Visiting Congressional Cemetery is a walk through history.

In an essay that was recently published on Narratively (The Silence that Whistles Through the Tombstones), author Christopher Haugh describes his personal exploration of  Washington, DC’s Congressional Cemetery.

Haugh takes us with him as he wanders through the tombstones. He offers an excellent overview of the significance of the cemetery as well as offering his own personal insights and reflections.

Now its rows are home to soldiers, musicians, Congressmen, Senators, Vice Presidents, and Choctaw and Apache chiefs. The bodies of Presidents John Quincy Adams and Zackary Taylor were kept in the public vault. Some claim President Lincoln’s assassin crouched low to avoid capture here amongst the stones and geraniums, only a matter of years after Lincoln gave a eulogy on these same grounds. Some of the slaves who built the Capitol, its stonecutter, and its architect are buried here, too. And in a grove of flowering trees is a plaque for the victims of September 11th… 

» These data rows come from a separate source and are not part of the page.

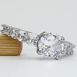 "Engagement Anillos Sparkling Round Cubic Silver Plated Wedding Ring, UNVN12068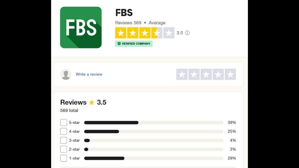 - คะแนนรีวิวจาก Trustpilot ของโบรกเกอร์ FBS อยู่ที่ 3.5 ดาว จากรีวิวทั้งหมด 569 ราย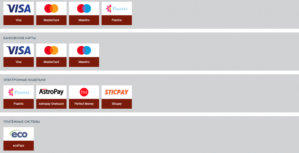Платёжные методы и способы депозита и вывода: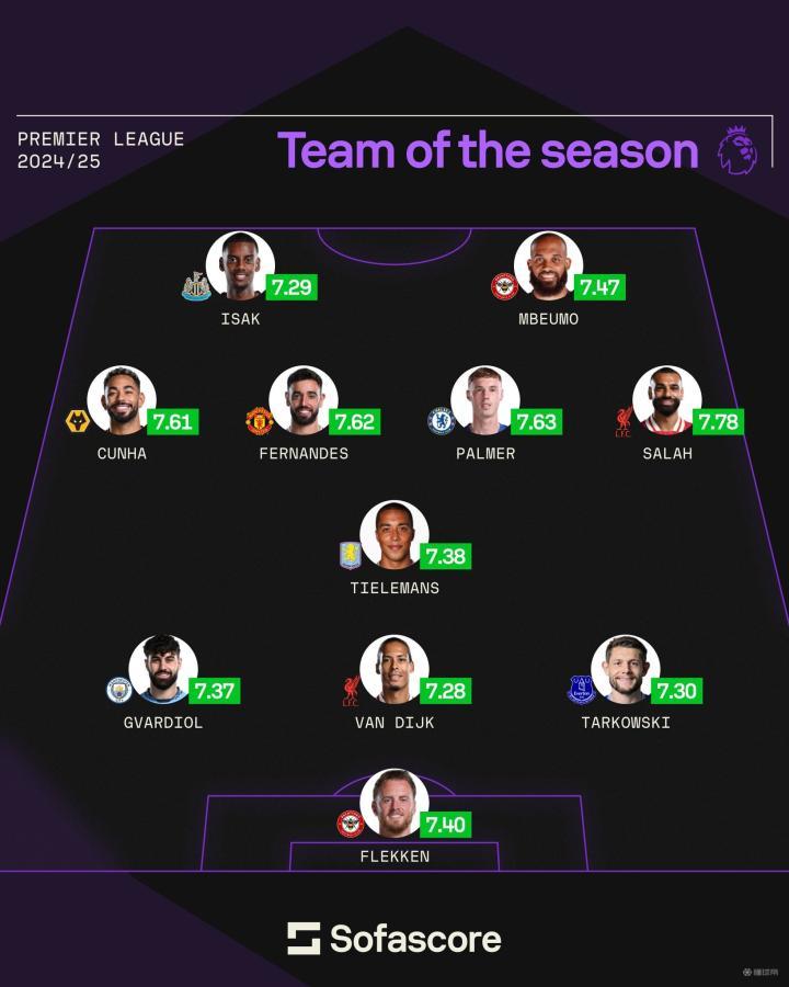 近日,知名足球数据网站Sofascore公布了其评选的24/25赛季英超最佳阵容。伊萨克、萨拉赫、帕尔默等一众攻击手领衔,英超亚军阿森纳无人入选。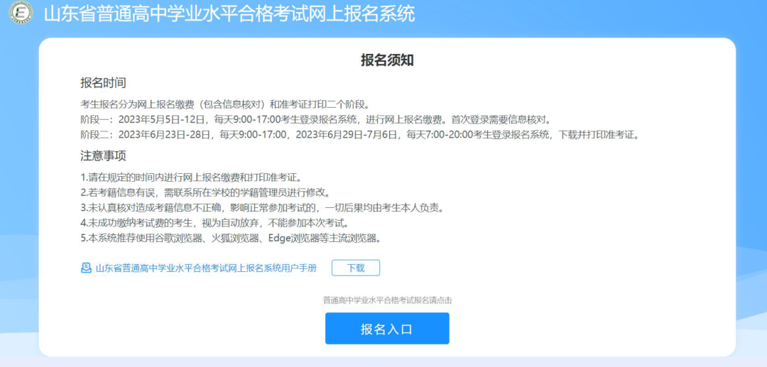 參加山東省2023年冬季普通高中學(xué)業(yè)水平合格考試(以下簡稱冬季合格考)的考生須于10月19日—26日每天9:00—17:00,登錄報名系統(tǒng)進行信息核對,信息核對無誤后直接進行網(wǎng)上選科繳費。繳費成功方視為報名完成,否則視為未報名成功,不能參加本次考試。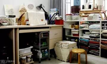 老旧缝纫机披上亲手缝制的新盖布,破旧纸盒包上新的包装纸,在上面写上“小品集”,旧纸盒变成小小的分类收纳盒。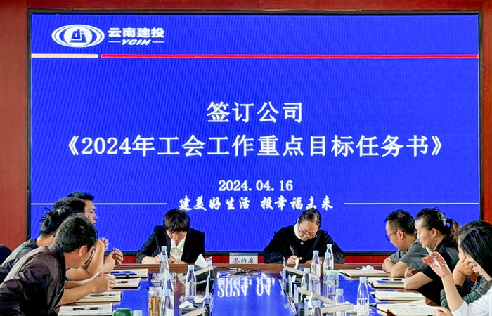 白建萍與基層工會代表簽訂公司《2024年工會工作重點目標(biāo)責(zé)任書》,并宣布云南建投第五建設(shè)有限公司群眾性安全生產(chǎn)監(jiān)督管理專項行動正式啟動。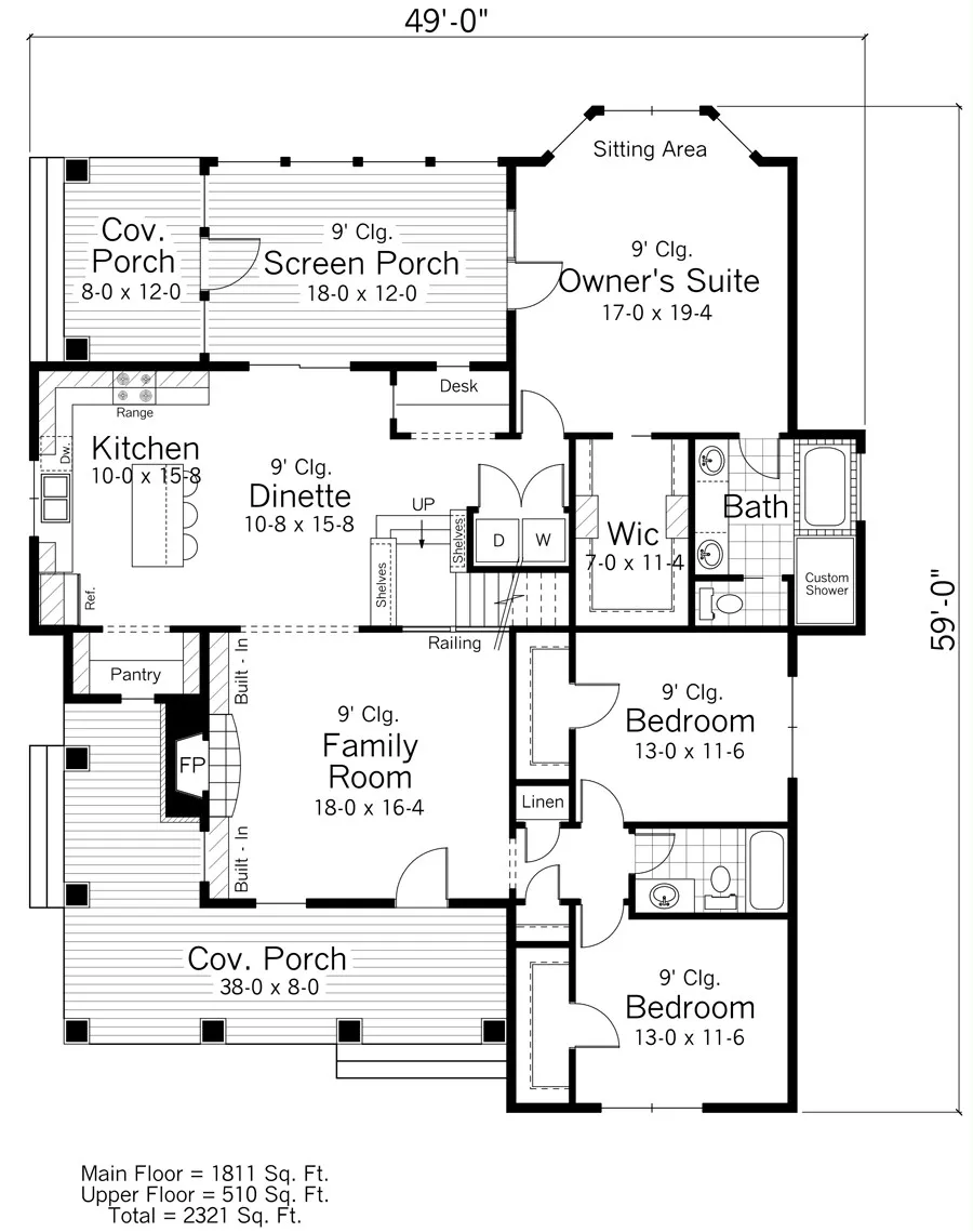 A wraparound front porch lends a country feel to this affordable house plan, with three bedrooms, two baths and 1,811 square feet on the main floor. A family room is the main gathering place in this home plan, warmed by a fireplace. The wide-open kitchen boasts a useful island and a handy pantry. Serve meals at the snack bar or in the versatile dinette. To take advantage of fresh air, consider eating dinner on the screen porch. At the end of a busy day, retire to the posh owner's suite, complete with a bayed sitting area. Don't overlook the walk-in closet. A garden tub anchors the private bath, along with a custom shower and a dual-sink vanity. A second full bath serves the two children's bedrooms in this home design, each with a walk-in closet. Our customers love the upstairs loft. A quiet bonus room could serve as an exercise area.
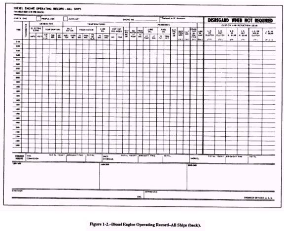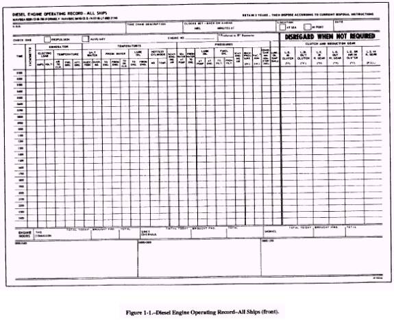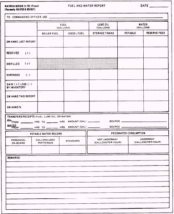 Figure 1-3.Fuel and Water Report (front). and fuel requirements data for budget justification. This report includes all fuel data as of 2400 hours of the last day of the month. Fleet commander instructions contain detailed instructions for completing the forms, as well as the definitions of the terms used. In addition to data on fuel inventory, the report contains space for fuel consumed underway, fuel consumed not underway, and fuel consumed by boats. Space is also provided for total steaming hours broken down as underway and not underway. Most engineer officers prefer to compile the necessary data for this summary on a daily basis rather than wait until the end of the month and make computations from the various records. If you prepare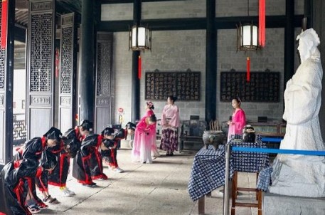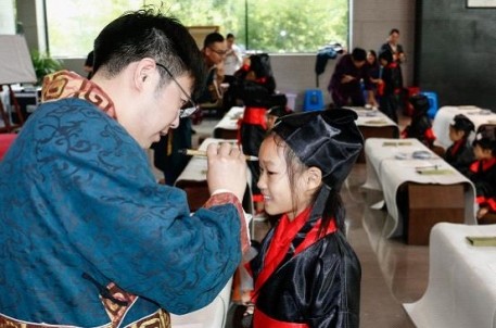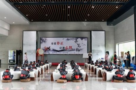 9月10日上午,在兰亭书法博物馆,50名一年级新生身着汉服,在悠扬的编钟古乐声中,迎来了他们求学生涯中第一场盛大的开笔礼仪式。整场开笔礼分为正衣冠、净手静心、朱砂启智、击鼓鸣志、启蒙立人、诵读经典、师长寄语、敬香朝圣和曲水流觞共9项流程。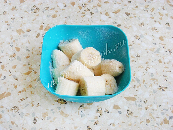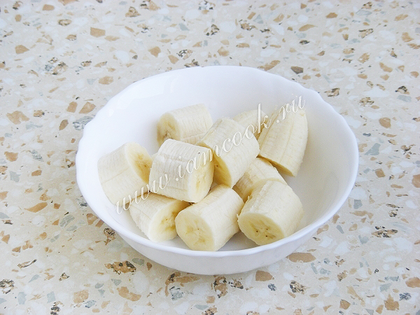 Бананы порезать кружочками. Лучше взять очень спелые, даже немного перезрелые.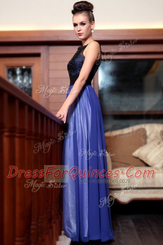 Superior Blue And Black Side Zipper Prom Gown Beading and Appliques Sleeveless Floor Length
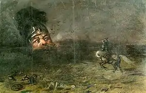 Изобразительно картина решена в сложившихся к XX веку в русском изобразительном искусстве образах, напоминая полотна В. М. и А. М. Васнецовых, В. В. Верещагина, И. Н. Крамского, Н. Н. Ге.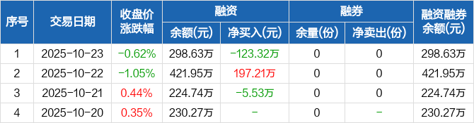 融资方面,当日融资买入258.41万元,融资偿还381.73万元,融资净偿还123.32万元。融券方面,融券卖出0份,融券偿还0份,融券余量0份,融券余额0元。融资融券余额合计298.63万元。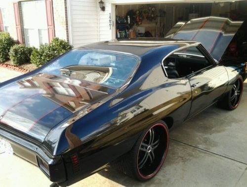 1970 Chevelle Black - 350ci motor, Th350 Trans, 10 bolt rear, power brakes, dual exhaust, console shifter, bucket seats, clean interior, starts easy, runs strong, nice paint, 22 in wheels, 22/30/255 tires in the front, 22/25/275 tires in the rear, factory AC car (not working at present).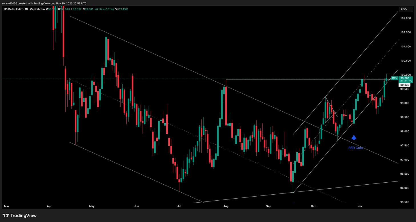 USD/YEN and USD/CAD performing well, for different reasons, is pulling the DXY up and if we do get no change in interest rates on 10 December, there could be a really good move higher.

Congressional, or Washington Parish Burial Ground, is indeed, an important place. Its list of internments reads like the index of an American history book. The list includes J. Edgar Hoover, Matthew Brady, and John Philip Sousa. More than 65,000 individuals are buried there, and the cemetery is still active. It was listed on the National Register of Historic Places in 1969 and designated a National Historic Landmark in 2001.

Founded in 1807, Congressional Cemetery has gone from four and a half acres to a sprawling near-forty covered by thousands of headstones, columbarium niches, footstones, graves, and crypts. Fashioned in the nineteenth-century rural cemetery style, the grounds share characteristics with a public park. Benches, pathways, and groves of trees mark its hillocks and flats. Once, Antebellum Washingtonians spread blankets on the grass and dozed under parasols in and amongst some of the nation’s most illustrious departed.

Among the programs that make the Congressional Cemetery unique is its active dog-walking community. Membership is by application (there is currently a waitlist). Once accepted, members may permit their dogs to walk off-leash. The group is extremely important to the cemetery as the funds it raises cover a significant portion of Congressional’s maintenance budget.